A second reason the phases differ is that different training stages are doing fundamentally different jobs. One striking line of evidence argues that base pretraining already installs the *capability* to reason in latent form, and that RL post-training mostly teaches *when* to deploy it rather than *how* to do it — hybrid models recover 91% of the gains just by routing tokens, and the activation vectors for reasoning strategies exist before any RL touches them Does RL post-training create reasoning or just deploy it?. If early and late training operate on different variables (forming the latent structure vs. tuning its triggering), you'd expect the observable topology to evolve qualitatively, not just get 'more of the same.'
It helps to remember that topology here isn't a metaphor — it's the actual computational structure. Chain-of-thought is a path graph, tree-of-thought is a tree, and graph-of-thought allows in-degree greater than one, which is what lets it synthesize multiple sub-results in a way trees can't express Can reasoning topologies be formally classified as graph types?. So when topology 'evolves,' the model is gaining or losing the ability to do things like divide-and-conquer merging. That reframes the question: phases differ because the model is acquiring structural moves, not just better answers.

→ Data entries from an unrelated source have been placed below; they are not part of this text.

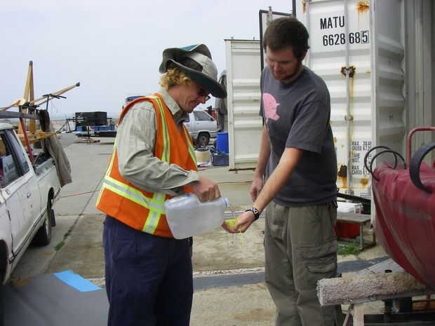 Tuvimos un montón de cable al latigazo de la piel en con, pero necesitamos saber si es de Nylon o poliéster. Nylon alarga aproximadamente el 10% cuando se moja, y eso la hace tener sueltos. Así medimos un trozo de cable, había empapado con agua y mide otra vez. No es nylon! Proceder al siguiente paso!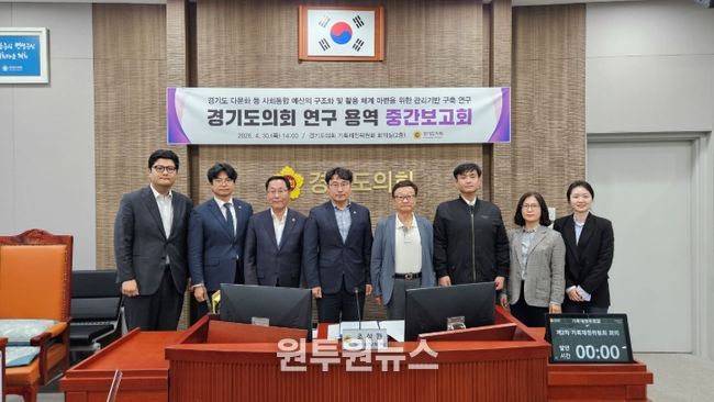 (원투원뉴스) 경기도의회 기획재정위원회 소속 의원 연구단체인 기획재정연구회(회장 조성환, 기획재정위원장)는 30일 오후 경기도의회 기획재정위원회 회의실에서 '경기도 다문화 등 사회통합 예산의 구조화 및 활용 체계 마련을 위한 관리기반 구축 연구'에 관한 연구용역 중간보고회를 개최했다.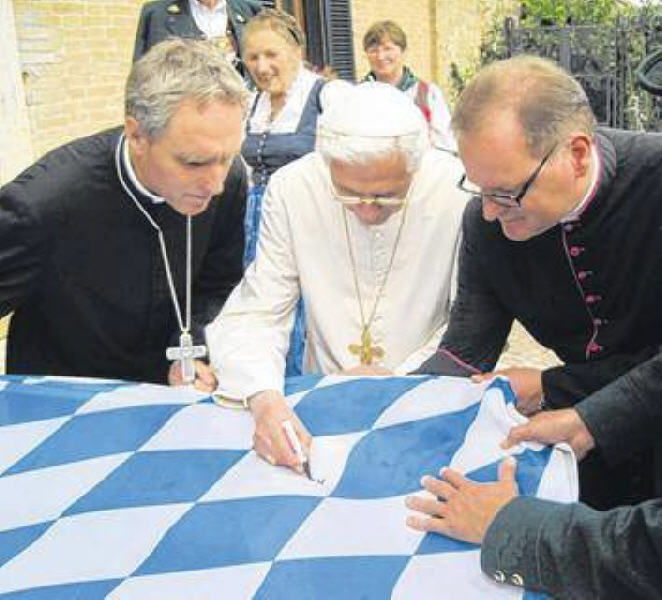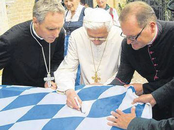 >| du 11 au 14 octobre des photos prises lors de la visite d'un groupe de Ratisbonne au Monastère. Sur la première, exercice périlleux nécessitant la présence de trois hommes pour tendre le drapeau sur lequel Benoît XVI va signer, bien sûr c'est la drapeau à damiers bleus et blancs. On ressent une grande proximité, tout y concourt : la langue, le même pays, les souvenirs, la Bavière qui est un trait d'union puissant et indélébile. Une grande photo de groupe avec des visiteurs simples, des sourires généreux, sincères, de la joie vraie. Une photo que j'aime beaucoup : sur le pas de la porte Benoît, prêt à rentrer, dit au revoir de la main, visage souriant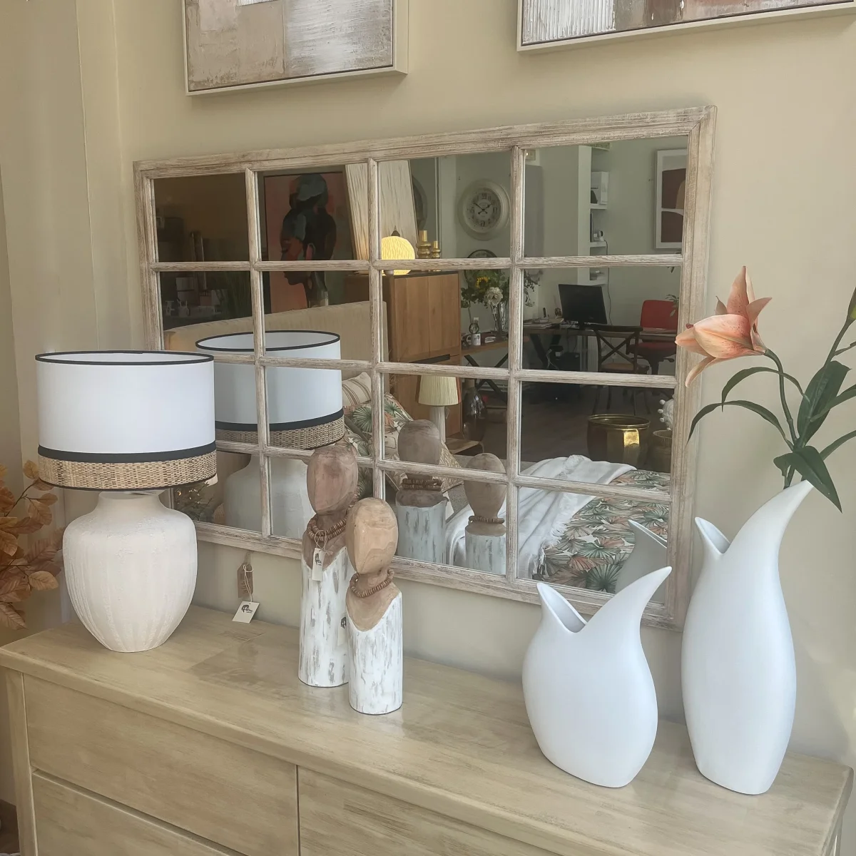 Este espejo rectangular combina el encanto rústico de la madera natural con un diseño de cuarterones que recuerda a las antiguas ventanas. Su estructura aporta calidez y estilo, mientras que sus dimensiones 86×126 permiten ampliar visualmente el espacio y potenciar la luz. Perfecto para colocar sobre consolas, aparadores o en el recibidor, creando ambientes acogedores y llenos de personalidad. Disponible en color madera oscura. Posibilidad de colocar en horizontal y vertical, ya que tiene colgadores para las dos posiciones.

The corpus also offers a cautionary counter-thread worth sitting with: structure may matter more than the *content* flowing through it. Models trained on deliberately corrupted or irrelevant reasoning traces perform comparably to those trained on correct ones, suggesting traces act as computational scaffolding rather than meaningful steps Do reasoning traces need to be semantically correct?, and a parallel line argues CoT is constrained imitation of reasoning's *form* rather than genuine inference What makes chain-of-thought reasoning actually work?. If that's right, what evolves across phases is the scaffold's shape and the model's discipline in using it — which is why interventions like penalizing premature thought-switching can sharpen accuracy purely at decoding time, with no retraining at all Do reasoning models switch between ideas too frequently?, Why do reasoning models abandon promising solution paths?.
The thing you might not have known you wanted: 'topology evolving across phases' isn't one phenomenon but at least three layered ones — a self-organizing drift toward a discovery-sustaining critical point, a handoff between training stages that build capability vs. tune its deployment, and a gradual unlocking of structural operations (branching, merging) that simpler topologies couldn't perform. The open and slightly unsettling question underneath all of it is whether the evolving structure is carrying real reasoning or just an increasingly well-shaped imitation of it.
Sources 7 notes
Analysis shows iterative graph reasoning evolves toward a stable phase where semantic entropy persistently dominates structural entropy, with ~12% of edges remaining semantically surprising despite structural connection, fueling ongoing discovery.
Evidence shows base models already contain reasoning capability in latent form; RL training optimizes deployment timing rather than capability creation. Hybrid models recover 91% of performance gains by routing tokens only, and activation vectors for reasoning strategies pre-exist before any RL.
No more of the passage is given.